1. Select the Mac OSX version.
2. Install RStudio by dragging into Applications folder.

### Windows:

1. Select the Windows version.
2. Download and open RStudio from programs.

### Ubuntu:

1. Select the Ubuntu 32 or 64 bit version.
2. Download and open RStudio.

Once we've got RStudio installed and running, take some time to familiarize ourself with its layout.

For now, experiment with resizing the windows and clicking through the tabs.

Let's start off by introducing some features of the console. In RStudio, the console is located in the bottom left corner:

![image.png](attachment:image.png)

We may notice the highlighted portion of the RStudio interface contains two tabs: `console` and `terminal`. We'll focus on the console for now, which is where we'll be doing most of our programming work.

When we open RStudio, the console contains information about the version of R we're working with. Scroll down, and try typing a few expressions.
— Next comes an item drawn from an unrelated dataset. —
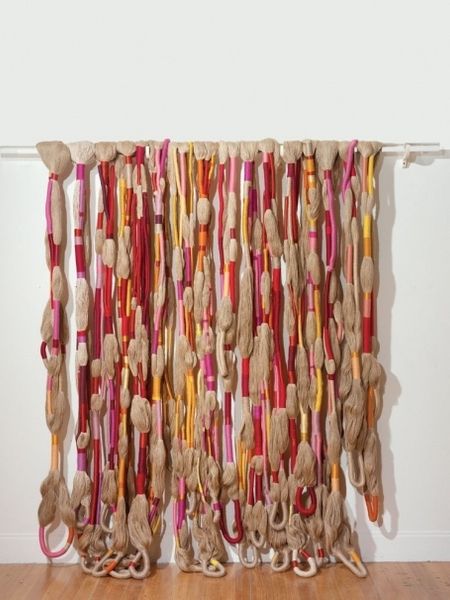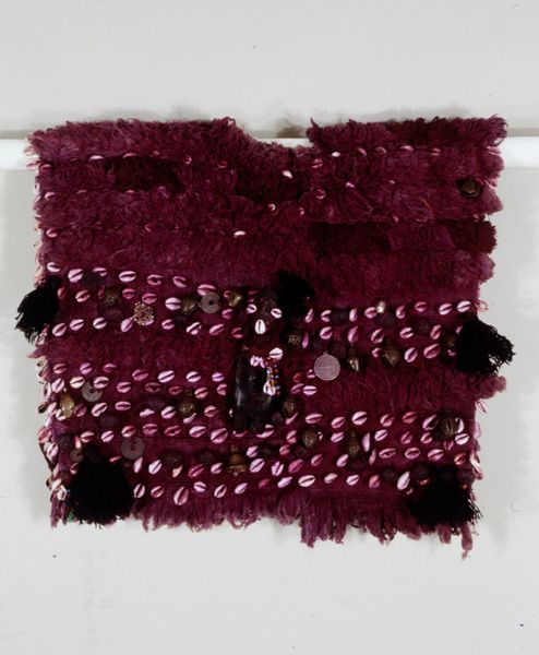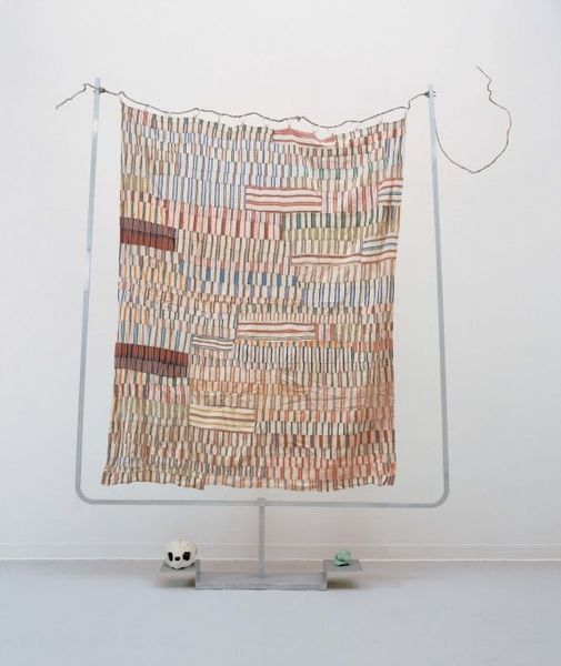 Curator: Jannis Kounellis created this *Untitled* piece in 1968. It presents a fascinating intersection of organic materials and structured form. Editor: Right away, I'm struck by its delicate yet almost unsettling presence. Like laundry hung out to dry in some spectral home. The blues and grays feel so faded, almost haunted. Curator: Indeed. Note how the artist contrasts the raw texture of what appears to be wool or fiber with the rigid geometry of the wooden frame. It's a deliberate tension between the natural and the constructed. Editor: It also makes me think about layers...memories, maybe? Each strand overlapping and slightly obscuring the others. The sense of history hangs heavy in there somewhere, like old secrets in the attic. I can almost smell dust and mothballs. Curator: The repetition of form—those horizontal bands of fiber— establishes a visual rhythm. There's a musicality to the composition. Think of serialism in music—variations on a theme. Editor: That's true. But for me, there's also an imperfection to that repetition that adds to its human quality. The fibers are not perfectly aligned; they sag and droop in their own way, as if fighting against being conformed, a silent form of protest maybe? It gives it life. Curator: Considering Kounellis' Arte Povera affiliation, one could interpret the work as a commentary on consumerism and industrialization, repurposing mundane materials into a refined aesthetic object. Editor: Yes, a transfiguration of the commonplace! I love that. A challenge to the way we look at and value our surroundings. It whispers, "Even in decay, there is beauty. Even in the discarded, there is worth." Almost biblical! Curator: Kounellis forces us to reconsider the object and, in doing so, prompts an awareness of the space it inhabits. Editor: Makes you want to touch it, doesn't it? But then you pause and consider how something seemingly fragile can contain such robust implications. Very clever. Curator: Absolutely. This piece, through its contrasting elements, opens a space for ongoing inquiry. Editor: Exactly. After a few minutes, I feel invited into a whole world beyond its simple arrangement.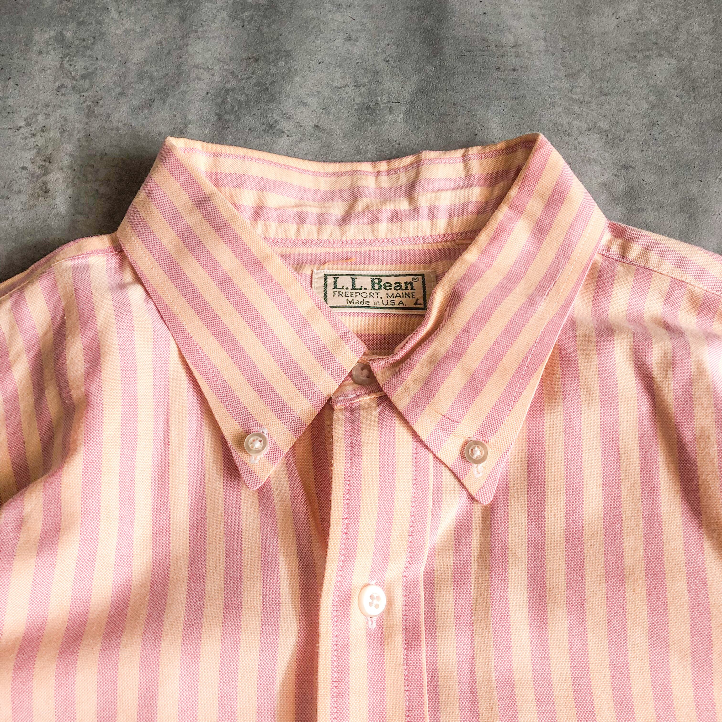 特徴 :ピンクカラー×ベージュの珍しい配色のがストライプ柄がグッドな1980's~頃のL.L.Beanのボタンダウンオクスフォードシャツ。

We can use the console to test code immediately. When we type an expression like 45 + 5, we'll see the output below after hitting enter.

If we type code to create data visualization plots into the console, the plots will appear in the plots tab in the window at the bottom right of the interface.

Try typing the expression below. Note what happens if we forget to close a pair of parentheses:

**3 * (5+6+10**

We can either type the second half of the pair of parentheses after the `+` symbol in the console, or escape the expression by hitting our `Escape` key.

One nice feature from RStudio is a keyboard shortcut for typing the assignment operator `<-`.

* Windows/Linux: "Alt" + "-"
* Mac: "Option" + "-"

Try creating a vector :

**vector_1 <- c(1,3,5,7,8,9)**

Type `vector_1` into the console, and we'll see the output.

Calculate the mean of `vector_1`:

**mean(vector_1)**

Notice that as we begin typing `mean()` into the console, a list of functions beginning with "m" pops up. We can either use our touchpad, mouse, or the arrow keys on our keyboard to select a function, and it will appear in the console.

![image.png](attachment:image.png)

When we create a vector in RStudio, it is saved as an object in the **R global environment**.

We can think of the global environment as our workspace. During a programming session in R, any variables we define or data we import and save in a data frame are stored in our global environment. In RStudio, we can see the objects in our global environment in the `Environment` tab at the top right of the interface:

![image.png](attachment:image.png)

We'll see any objects we created, like `vector_1`, under `values` in the `Environment` tab. Notice that the data type (`[num]`) and the values stored in the vector are also displayed.

Sometimes, having too many named objects in the global environment creates confusion. Maybe we'd like to remove all or some of the objects. To remove all objects, click the broom icon at the top of the window:

![image.png](attachment:image.png)

If we want to remove selected objects from the workspace, select the `grid` view from the dropdown menu:

![image.png](attachment:image.png)

Next, check the boxes of the objects we'd like to remove and use the broom icon to clear them from our global environment.

When we write code to import a data set into RStudio, it's best to make sure that we have the [working directory](https://en.wikipedia.org/wiki/Working_directory) set to the location where our data files are stored. Otherwise, we'll have to specify the file location.

There are a few ways to set the working directory in RStudio.

* Use the `setwd()` function. For example, if we wanted to set my working directory to my desktop, we would type: `setwd("~/Desktop")`.
* Navigate to and choose the working directory from the `Session` menu:

![image.png](attachment:image.png)

To print our working directory in the console, we can type `getwd()`.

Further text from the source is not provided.